Monday, October 27, 2014

The Outlook For Quick Service Restaurants is Poor



The outlook for quick service dining establishments ain’t good.

Nation’s Restaurant News, the bible of the segment, reports traffic has declined by 1.9% in fiscal 2014, the sixth consecutive year of decline.

Bank of America, Merrill Lynch and Wells Fargo, three of the most active sources of financing, report that in recent months 20 of the strongest chains have borrowed more than $2 billion from the three banks, mainly in senior secured credit facilities. That means, to qualify for the bank loans, the chains hocked what they own outright.

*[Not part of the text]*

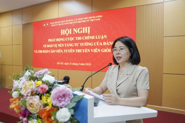 | Bà Nguyễn Thị Kim Oanh, Phó Bí thư Đảng ủy Trung ương Hội LHPN Việt Nam, phát biểu phát động Cuộc thi chính luận về bảo vệ nền tảng tư tưởng của Đảng lần thứ Hai, năm 2026 và thi báo cáo viên, tuyên truyền viên giỏi toàn quốc năm 2026 |

A look at some current and prospective operating conditions explains this. Most importantly, expenses are rising inexorably. A $2.00 per hour increase in the minimum wage would probably put some chains out of business. Let’s take a restaurant doing $1 million per year in business. This restaurant typically will have a non-management payroll of about $240,000. The higher payroll would cost this restaurant about $60,000. Assuming such a restaurant is making a 12% profit, with the non-management payroll rising to $300,000. A good restaurant would be able to absorb the increase. Do the math. A weak chain would have to go out of business.

It’s worth noting, at this point, that forecasting is at best an inexact science. The annual growth rate for the industry in 2013 was 2.1%. In years past, the forecasts have been 1.7% too high, or too low.

The restaurants at the low end of the spectrum, with average checks under $10.00 each, will be hardest hit. Higher end chains, such as Cracker Barrel, can survive a 1.9% decrease in traffic. They first need to have, as Cracker Barrel does, a 1.2% increase in same store sales. This combination reflects a 3.1% increase in the average check.  The low end chains, barring the Cracker Barrel experience, will have to raise prices.

The outlook, at least for the foreseeable future, is rather grim. The full year 2014 will see housing starts hit 1 million. That’s up for an average of 750,000 starts since the recession. However, another way of looking at these numbers is that this year there were about 3 houses built for every 1,000 Americans. This compares with 7.5 houses built per 1,000 Americans in the l960’s and 6.5 houses per 1,000 Americans built in the early years of this century.  

Unless quick service restaurants are able to reverse or otherwise offset this decline in customer traffic, they are going to be vulnerable, and the weaker players are going to have a difficult time surviving.